Why am I kvetching about this? It will come clear in a moment.

The Pecan Tart recipe is a winner, because it eliminates the thing I dislike about pecan pies--namely, the gooey, overly sweet filling the pecans are suspended in. So the tart recipe basically flattens it out, and you get crispness everywhere--in the tart shell, in the toasted crunchy pecans, and it's all bound just ever so slightly by caramelized filling.

Here's where my measurement problems come into play--the recipe calls for a 10-inch tart pan, so I pull out my biggest one. Which only holds half the filling. Hmmm, I'm thinking to myself, this must not be quite ten inches, and I remember that my springform pan is. Which is much bigger. And if I had been really thinking I would have made the tart in the springform pan instead.

So we have a lovely tart at work and I had to throw half the filling away (actually I drank some of it with some pecans thrown in, can you believe it? I do the same thing with pumpkin pie filling.) All I can say is it's probably a good thing I'm not a carpenter or a seamstress.

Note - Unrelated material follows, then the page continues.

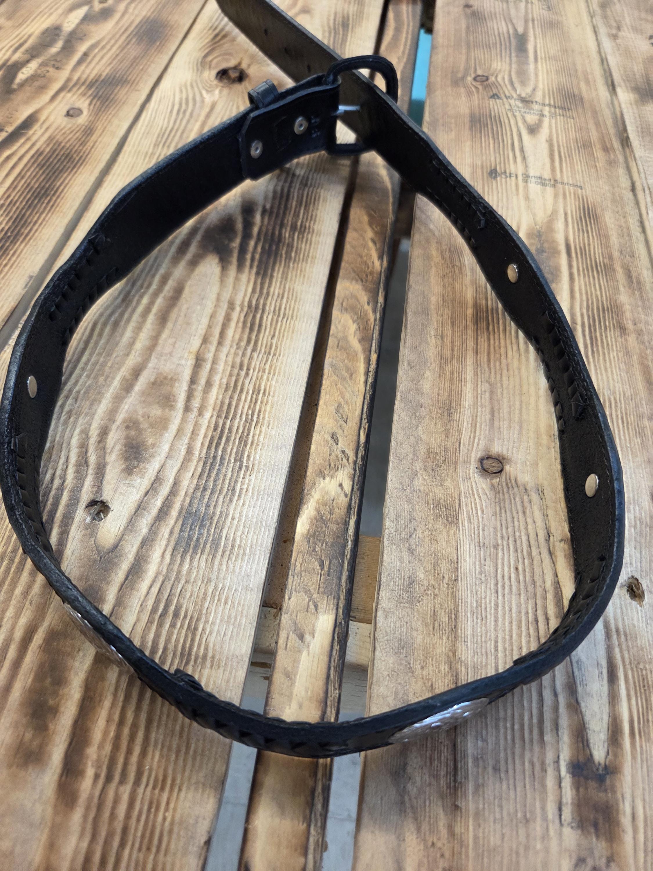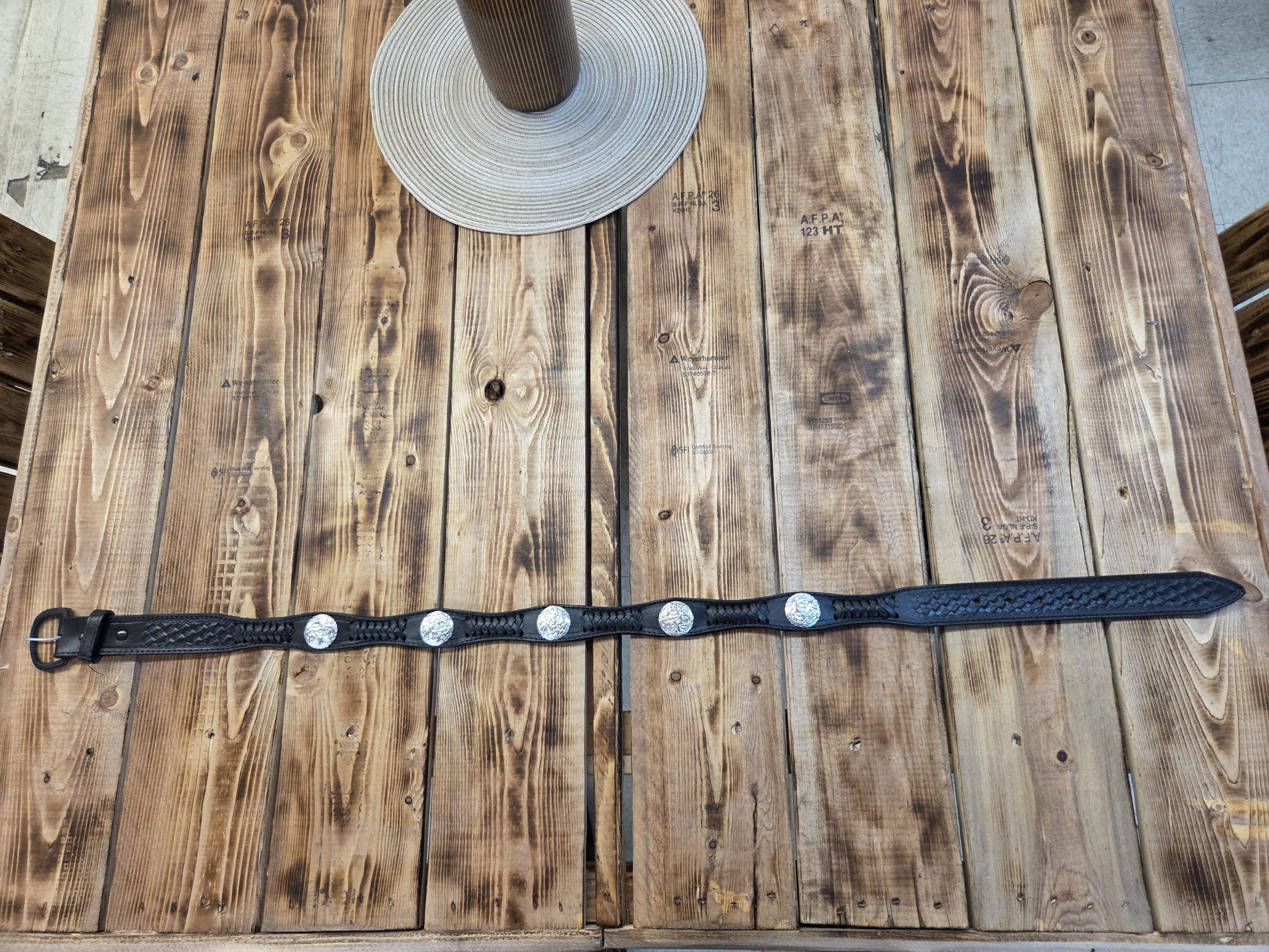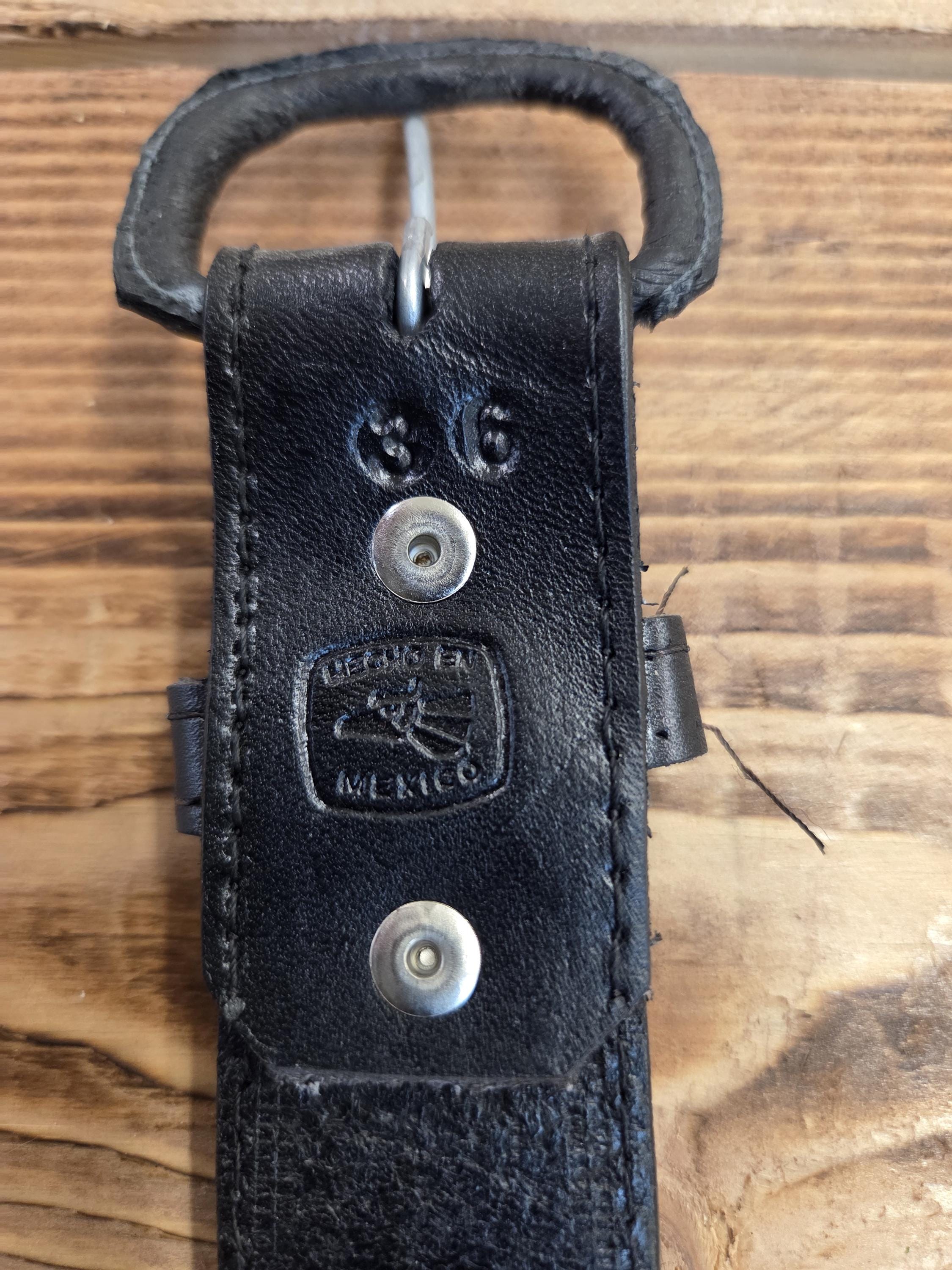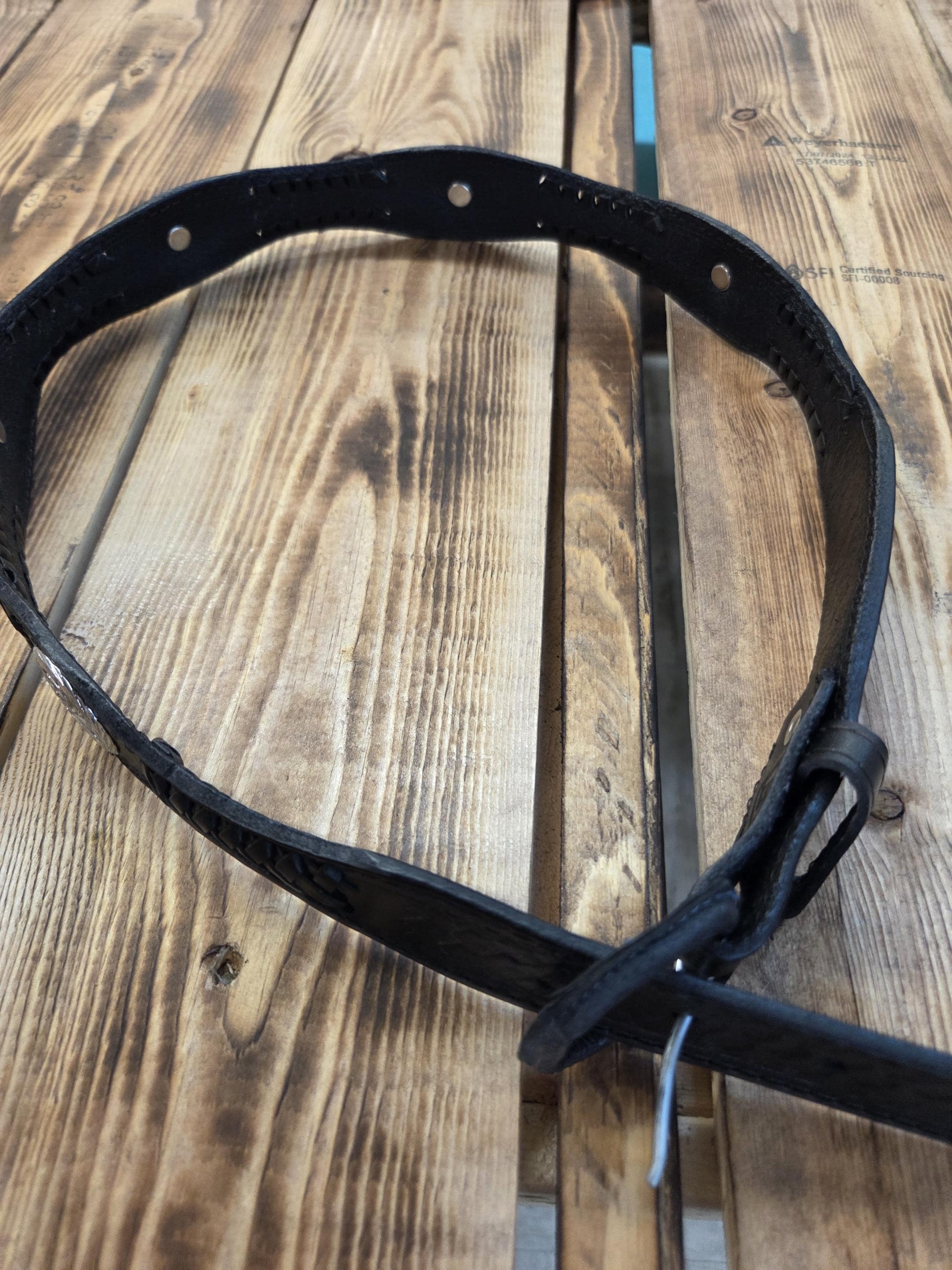 🌵 Mexican Size 36 Tooled Leather Belt with Detachable Buckle – Handmade Western Style Belt Add a bold touch of Western craftsmanship to your wardrobe with this authentic Mexican leather belt. We also have other styles available. Made from top‑quality genuine leather, this belt is built to last and designed to stand out. All belts are hand worked so there may be very minor flaws, but overall look is always quite awesome. To see more styles that fit you in my shop just put your size desired in the search box. ⭐ Key Features * Size 36 – as marked by the maker on the backside. * Detachable buckle so you can easily swap in your own favorite buckle if desired. * Authentic leather with excellent durability and feel with metal decorations added. * Exact belt shown in photos — you receive the actual item pictured. * Measures up to 1.5" wide and 43" long including the buckle.

Oh, and here is yet another recipe that calls for caramel making. If there is a food theme that runs through this book, it's freshly made caramel, and every recipe seems to approach it from a different angle. This one is the dry-stirring technique, which I've had trouble with before, but this time I was smart and let some of the sugar melt before I got involved stirring it all around, which makes big, messy clumps that stick to your fork.